I don't understand where hrtimers or interface speed comes in. If the
CPU is fast enough to call poll() 100,000 times per jiffies tick, it
means 100,000 wasted poll() calls while the netdev migrates from active
to poll-off state. Hence the need to fastpath the "no work" case in the
netdev's poll(). These extra poll() calls are tolerable if it avoids
NAPI thrashing between poll-on and poll-off states for certain packet rates.

> And the hrtimer granularity is going to need to be significantly low,
> and futhermore you're adding a guaranteed extra interrupt (for the
> hrtimer firing) in these cases where we're exactly trying to avoid is
> more interrupts.
>
> If you can make it work, fine, but it's going to need to be at a
> minimum disabled when the hrtimer granularity is not sufficient.
>
> But there are huger fish to fry for you I think. Talk to your
> platform maintainers and ask for an interface for obtaining
> a flat static distribution of interrupts to cpus in order to
> support multiqueue NAPI better.
>
> In your previous postings you made arguments saying that the
> automatic placement of interrupts to cpus made everything
> bunch of to a single cpu and you wanted to propagate the
> NAPI work to other cpu's software interrupts from there.

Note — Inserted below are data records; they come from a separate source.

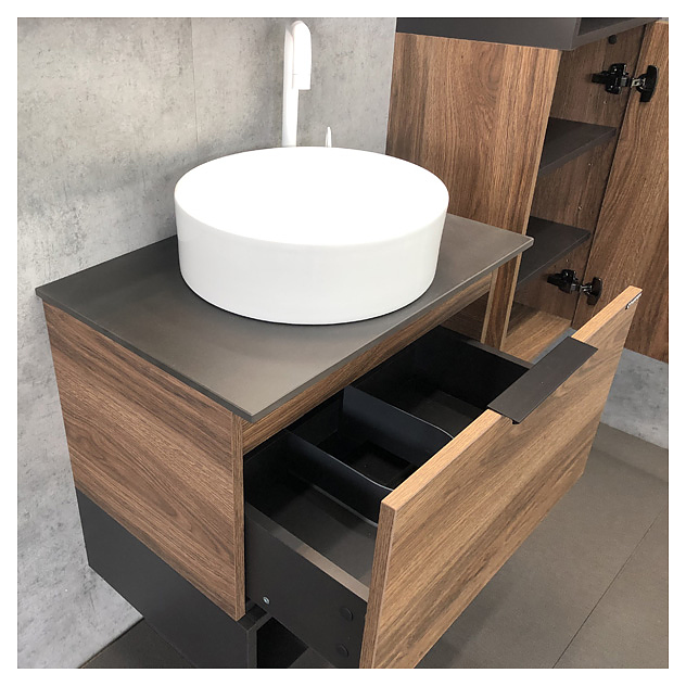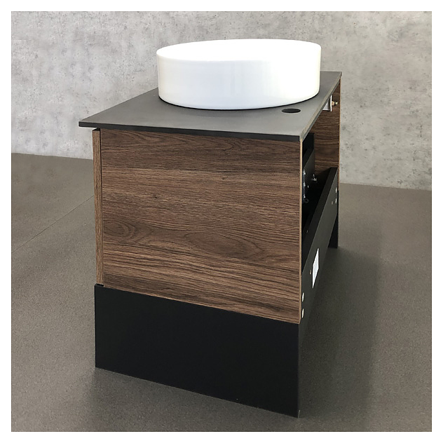 • Цвет корпуса и фасада ящиков: темно-коричневый дуб
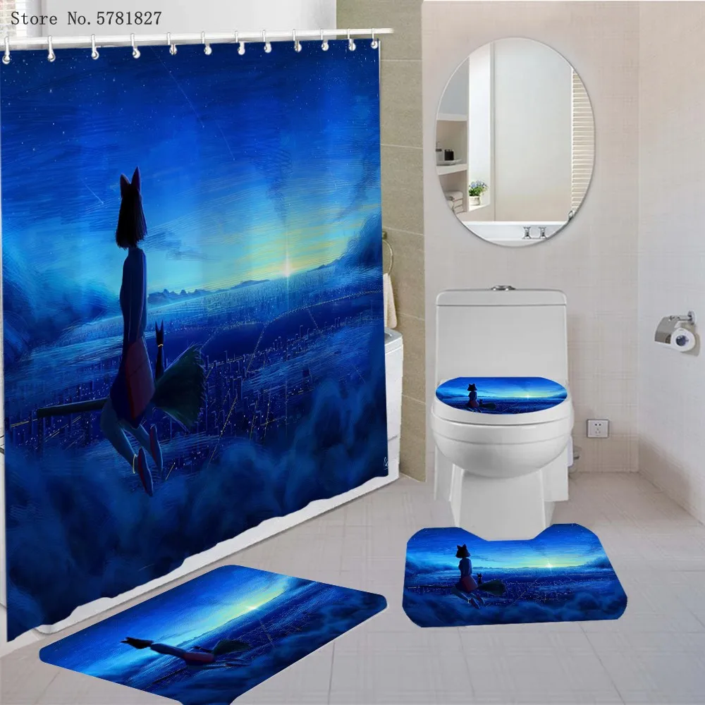 34 шт. сервис доставки Kiki набор штор для душа Miyazaki Hayao ковер коврик подставка крышка унитаза коврик для ванной набор для ванной комнаты
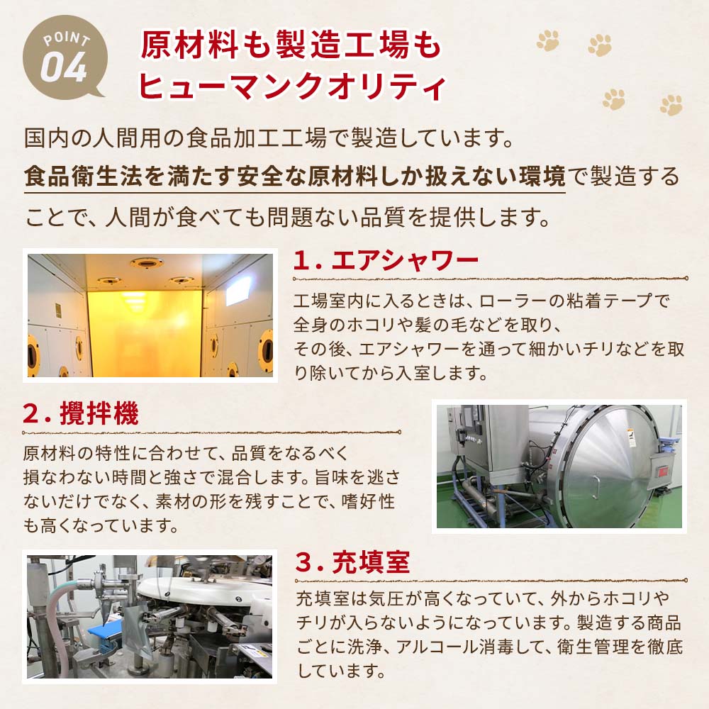 国内の人間用の食品加工工場で製造しています。食品衛生法を満たす安全な原材料しか扱えない環境で製造することで、人間が食べても問題ない品質を提供します。

I don't recall saying anything in previous posts about this. Are you
confusing my posts with Jan-Bernd's? Jan-Bernd has been talking about
using hrtimers to _reschedule_ NAPI. My posts are suggesting an
alternative mechanism that keeps NAPI active (with interrupts disabled)
for a jiffy or two after it would otherwise have gone idle in order to
avoid too many interrupts when the packet rate is such that NAPI
thrashes between poll-on and poll-off.

> That logic is bogus, because it merely proves that the hardware
> interrupt distribution is broken. If it's a bad cpu to run
> software interrupts on, it's also a bad cpu to run hardware
> interrupts on.

--
James Chapman
Katalix Systems Ltd
http://www.katalix.com
Catalysts for your Embedded Linux software development

2007-08-27 21:57:53

by David Miller

[permalink] [raw]
Subject: Re: RFC: issues concerning the next NAPI interface

From: James Chapman <[email protected]>
Date: Mon, 27 Aug 2007 22:41:43 +0100

> I don't recall saying anything in previous posts about this. Are you
> confusing my posts with Jan-Bernd's?

Yes, my bad.

> Jan-Bernd has been talking about using hrtimers to _reschedule_
> NAPI. My posts are suggesting an alternative mechanism that keeps
> NAPI active (with interrupts disabled) for a jiffy or two after it
> would otherwise have gone idle in order to avoid too many interrupts
> when the packet rate is such that NAPI thrashes between poll-on and
> poll-off.

So in this scheme what runs ->poll() to process incoming packets?
The hrtimer?

2007-08-28 09:23:27

by James Chapman

[permalink] [raw]
Subject: Re: RFC: issues concerning the next NAPI interface

David Miller wrote:
> From: James Chapman <[email protected]>
> Date: Mon, 27 Aug 2007 22:41:43 +0100
>
>> I don't recall saying anything in previous posts about this. Are you
>> confusing my posts with Jan-Bernd's?
>
> Yes, my bad.
>
>> Jan-Bernd has been talking about using hrtimers to _reschedule_
>> NAPI. My posts are suggesting an alternative mechanism that keeps
>> NAPI active (with interrupts disabled) for a jiffy or two after it
>> would otherwise have gone idle in order to avoid too many interrupts
>> when the packet rate is such that NAPI thrashes between poll-on and
>> poll-off.
>
> So in this scheme what runs ->poll() to process incoming packets?
> The hrtimer?

No, the regular NAPI networking core calls ->poll() as usual; no timers
are involved. This scheme simply delays the napi_complete() from the
driver so the device stays in the poll list longer. It means that its
->poll() will be called when there is no work to do for 1-2 jiffies,
hence the optimization at the top of ->poll() to efficiently handle that
case. The device's ->poll() is called by the NAPI core until it has
continuously done no work for 1-2 jiffies, at which point it finally
does the netif_rx_complete() and re-enables its interrupts.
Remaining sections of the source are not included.